What is expected - For this exercise, an exact copy is needed of only the lines from the one containing "Insgesamt spendet die" through the end of the data, with pictures left out.

Supplied material -
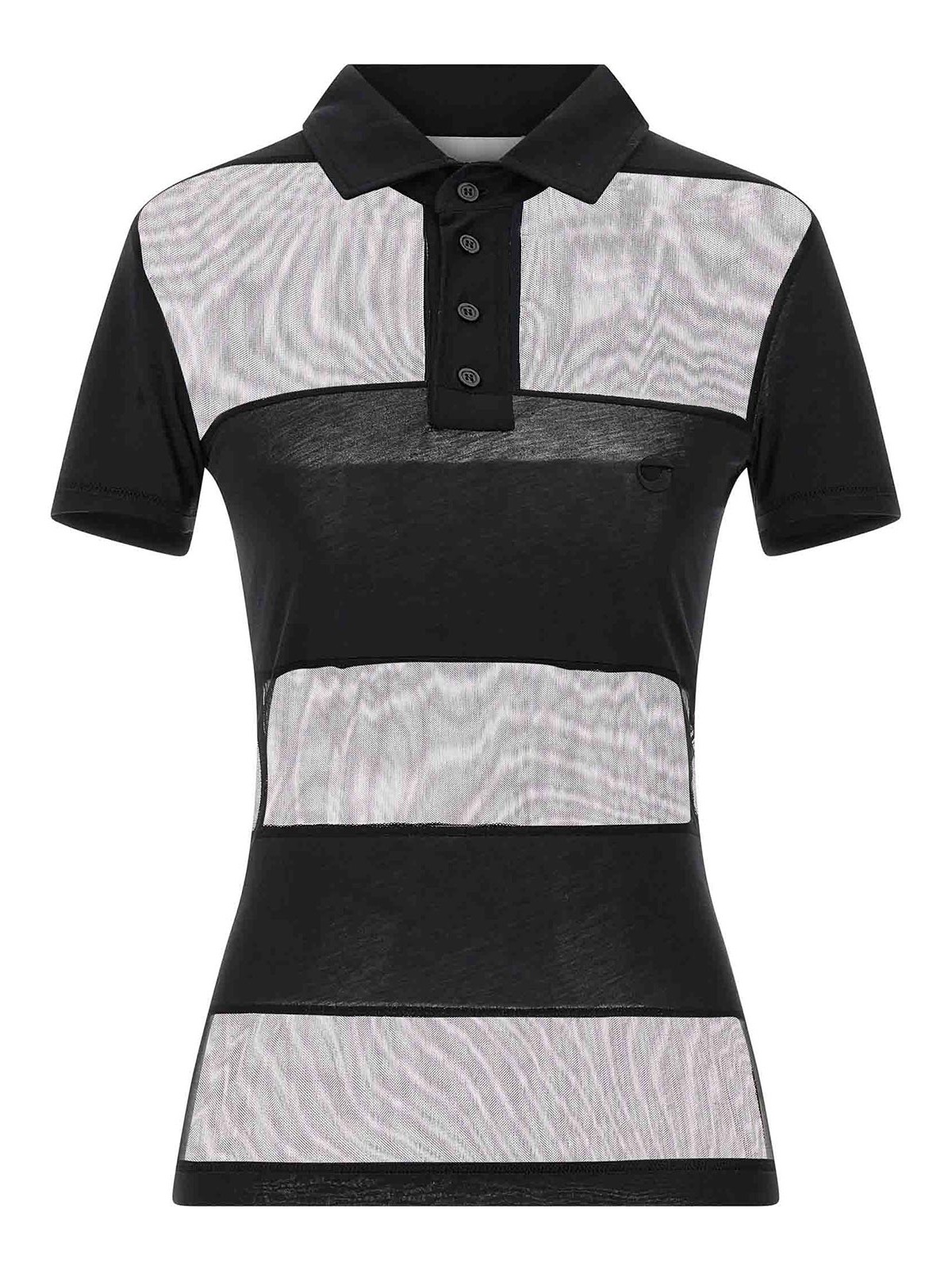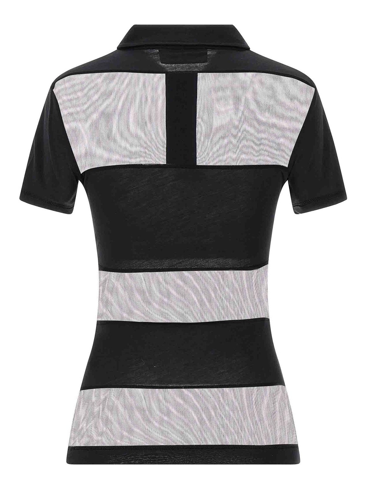 Halbtransparentes Top mit Polokragen und Panelstruktur, V-Ausschnitt, kurze Ärmel
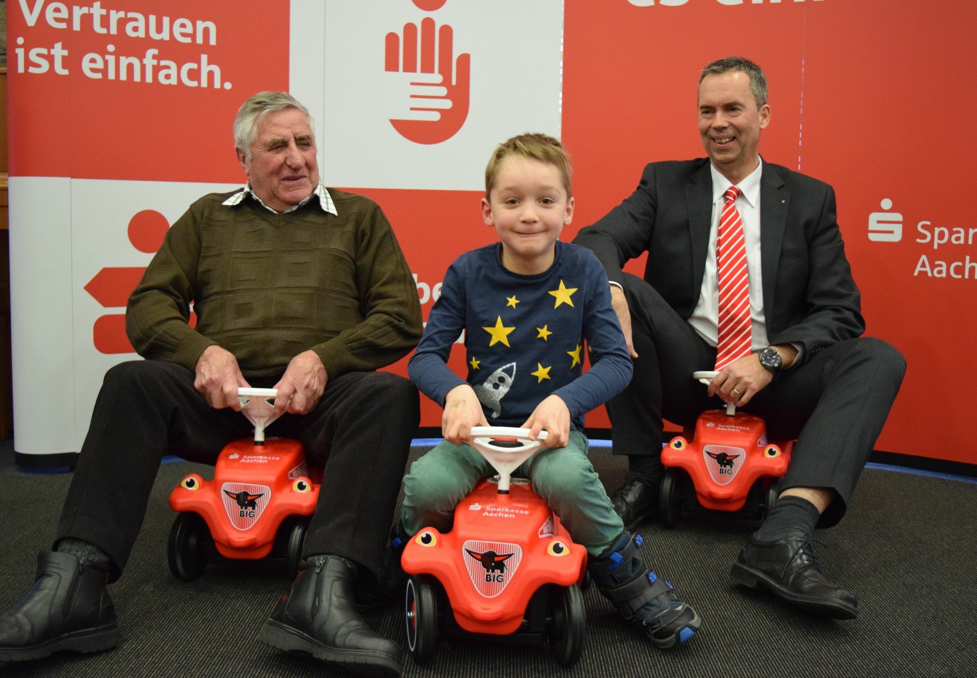 Insgesamt spendet die Sparkasse Aachen 825 Bobby-Cars an 275 Kindertagesstätten in der gesamten StädteRegion Aachen. Hintergrund ist eine Spendenaktion der Sparkasse Aachen in Zusammenarbeit mit der Verkehrswacht. »Der Kindergarten spielt eine elementare Rolle bei der Vorbereitung der Kinder auf den Straßenverkehr«, so Otto Stollenwerk, Vorsitzender der Verkehrswacht Monschau. Die Flitzeautos sollen bei der Entwicklung verkehrsrelevanter Fähigkeiten wie Wahrnehmung, Reaktionsvermögen oder Bewegungssicherheit helfen. »Denn abgesehen vom Spaßfaktor sind die Fahrzeuge auch optimale Trainingsgeräte für die Motorik«, ergänzt Andreas Kreitz.
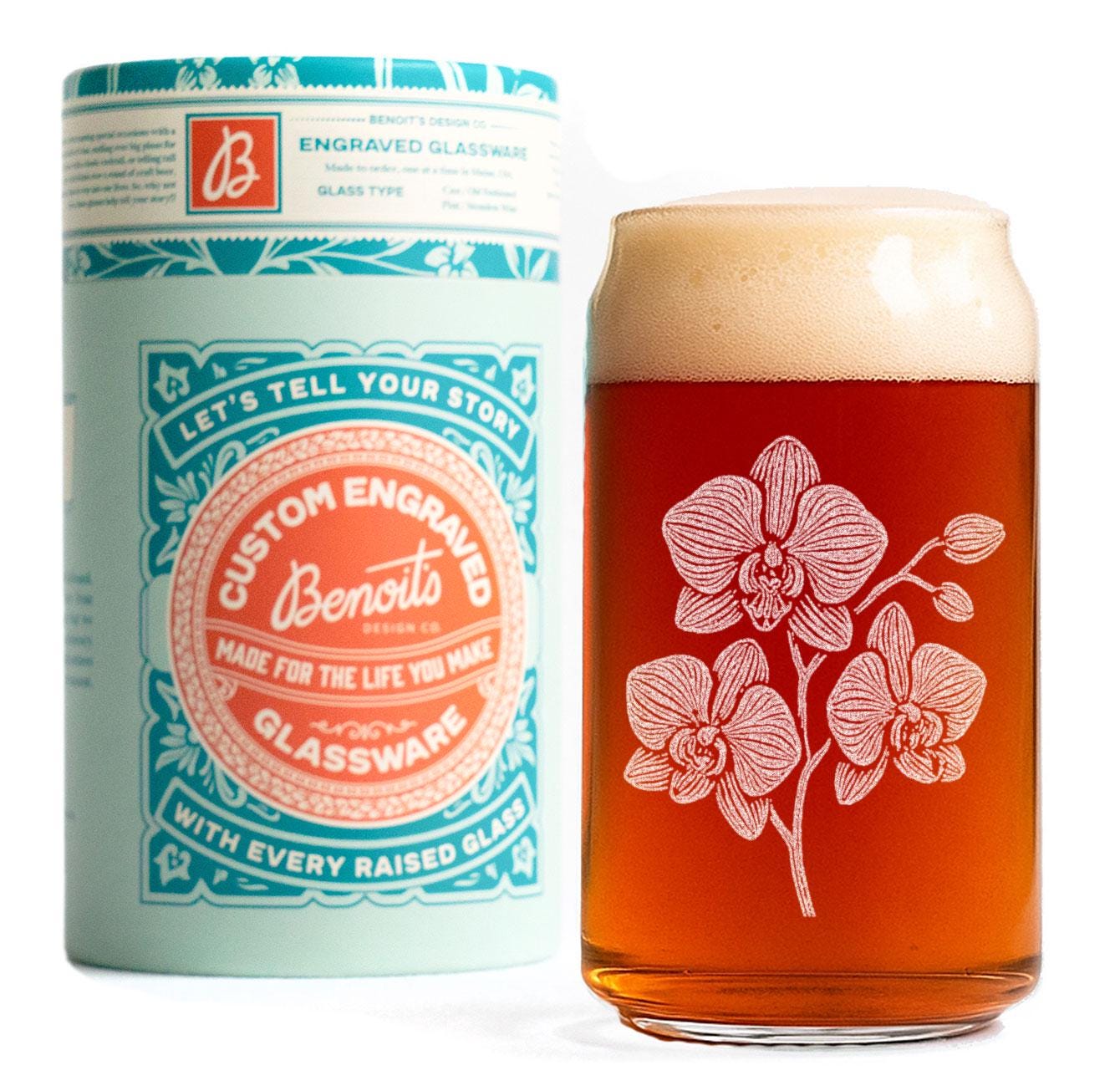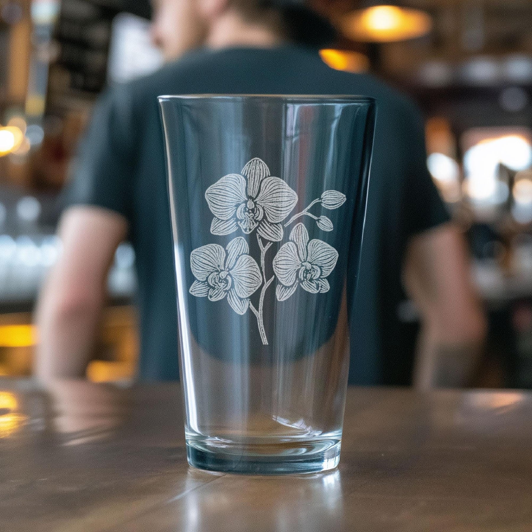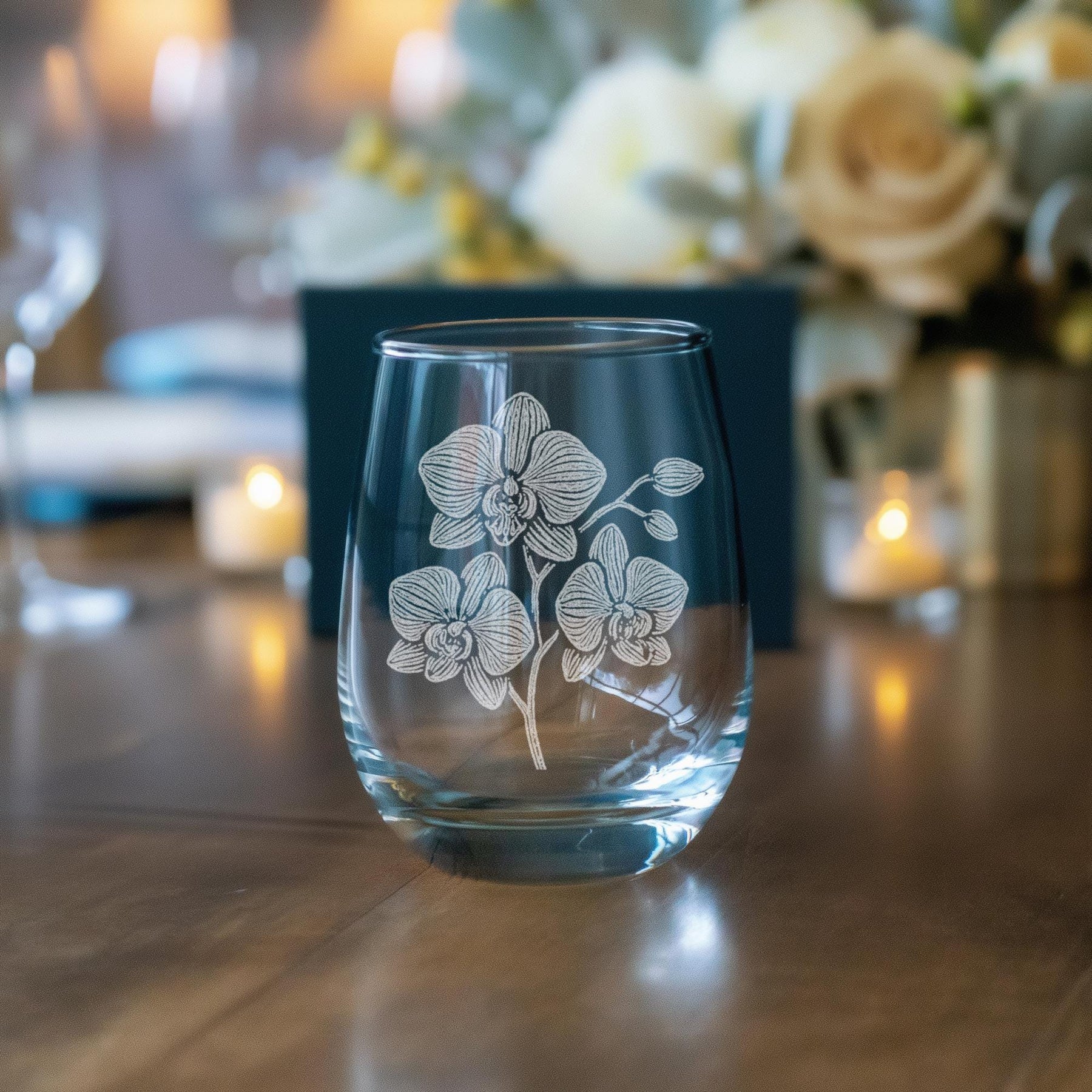 Bring a touch of delicate beauty to every glass with our Orchid Glass. Featuring a finely detailed laser-etched illustration of blooming orchid flowers, this graceful botanical design adds a soft, elegant flourish to your drinkware.

Answer space -
 Insgesamt spendet die Sparkasse Aachen 825 Bobby-Cars an 275 Kindertagesstätten in der gesamten StädteRegion Aachen. Hintergrund ist eine Spendenaktion der Sparkasse Aachen in Zusammenarbeit mit der Verkehrswacht. »Der Kindergarten spielt eine elementare Rolle bei der Vorbereitung der Kinder auf den Straßenverkehr«, so Otto Stollenwerk, Vorsitzender der Verkehrswacht Monschau. Die Flitzeautos sollen bei der Entwicklung verkehrsrelevanter Fähigkeiten wie Wahrnehmung, Reaktionsvermögen oder Bewegungssicherheit helfen. »Denn abgesehen vom Spaßfaktor sind die Fahrzeuge auch optimale Trainingsgeräte für die Motorik«, ergänzt Andreas Kreitz.
 Bring a touch of delicate beauty to every glass with our Orchid Glass. Featuring a finely detailed laser-etched illustration of blooming orchid flowers, this graceful botanical design adds a soft, elegant flourish to your drinkware.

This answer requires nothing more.